→ What this task involves: Find the line that holds "Cầu Vĩnh Tuy", then repeat it and each line below it word for word through the end of the listing, leaving out pictures.

→ Supplied material:

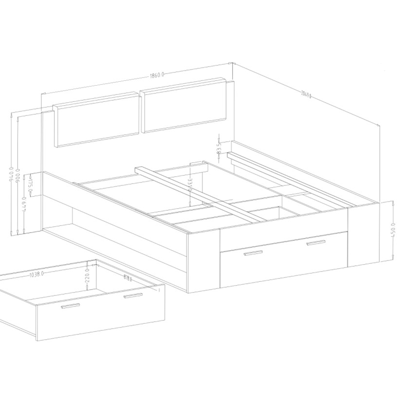 Parametre produktu Posteľ Galaxy 3 s úložným priestorom - 180 x 200 cm - dub monastery / čierny lesk
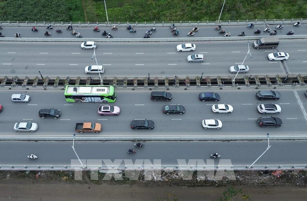 Cầu Vĩnh Tuy hướng vào trung Hà Nội thông thoáng, phương tiện lưu thông ổn định. Ảnh: Phan Phương - TTXVN
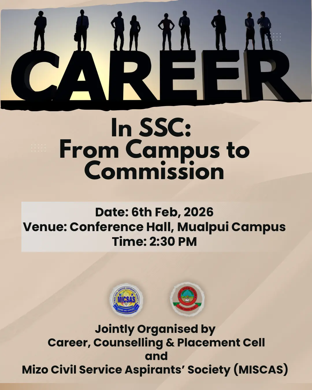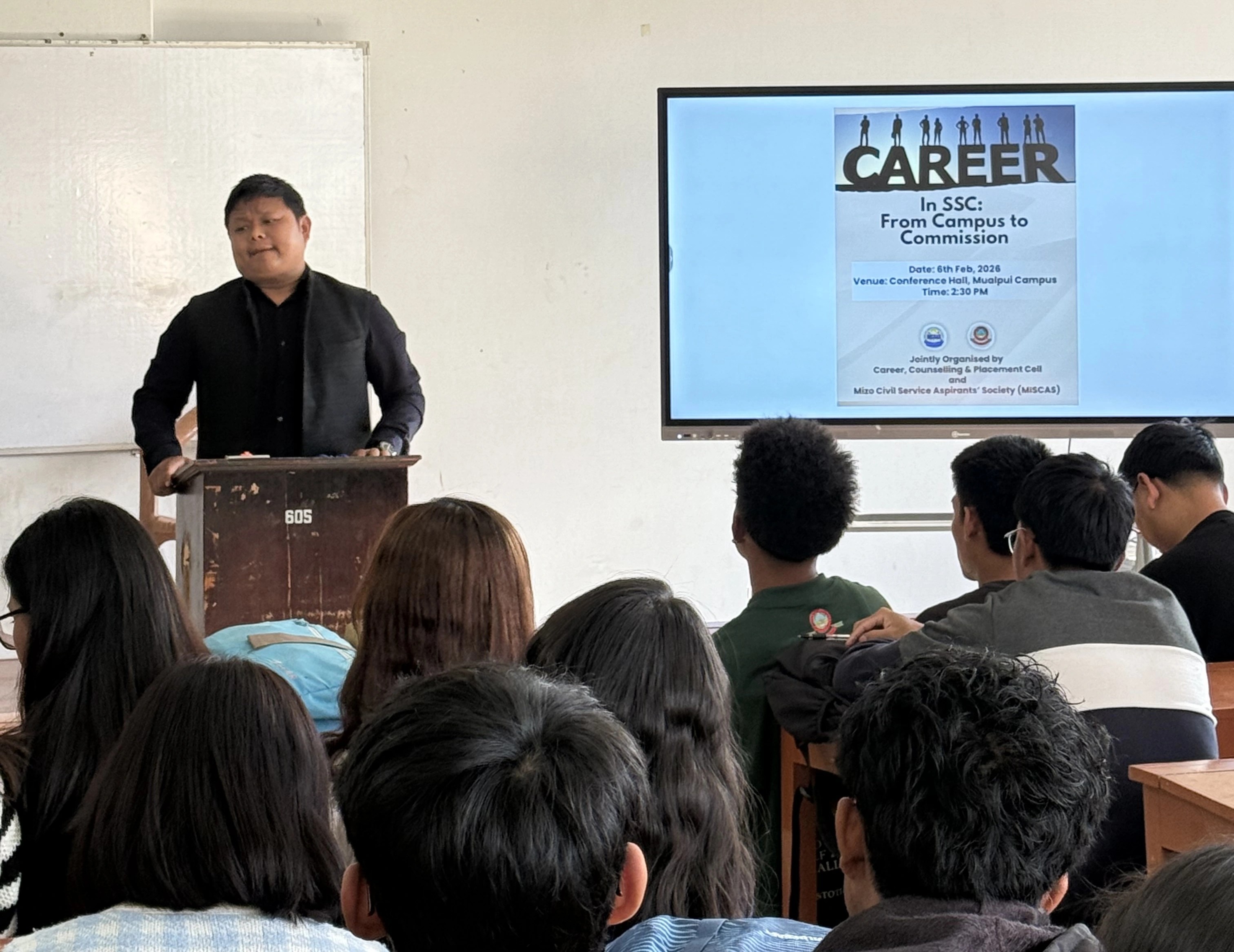An awareness programme entitled ‘Career in SSC: From Campus to Commission’ was jointly organized by the Career, Counselling and Placement Cell, Government Aizawl College and the Mizo Civil Service Aspirants’ Society on February 6, 2026, at 2:30 PM in Room 103, Mualpui Campus. The event was attended by Semester VI students from the Mizo, Political Science and Economics departments.

→ Written response:
 Cầu Vĩnh Tuy hướng vào trung Hà Nội thông thoáng, phương tiện lưu thông ổn định. Ảnh: Phan Phương - TTXVN
An awareness programme entitled ‘Career in SSC: From Campus to Commission’ was jointly organized by the Career, Counselling and Placement Cell, Government Aizawl College and the Mizo Civil Service Aspirants’ Society on February 6, 2026, at 2:30 PM in Room 103, Mualpui Campus. The event was attended by Semester VI students from the Mizo, Political Science and Economics departments.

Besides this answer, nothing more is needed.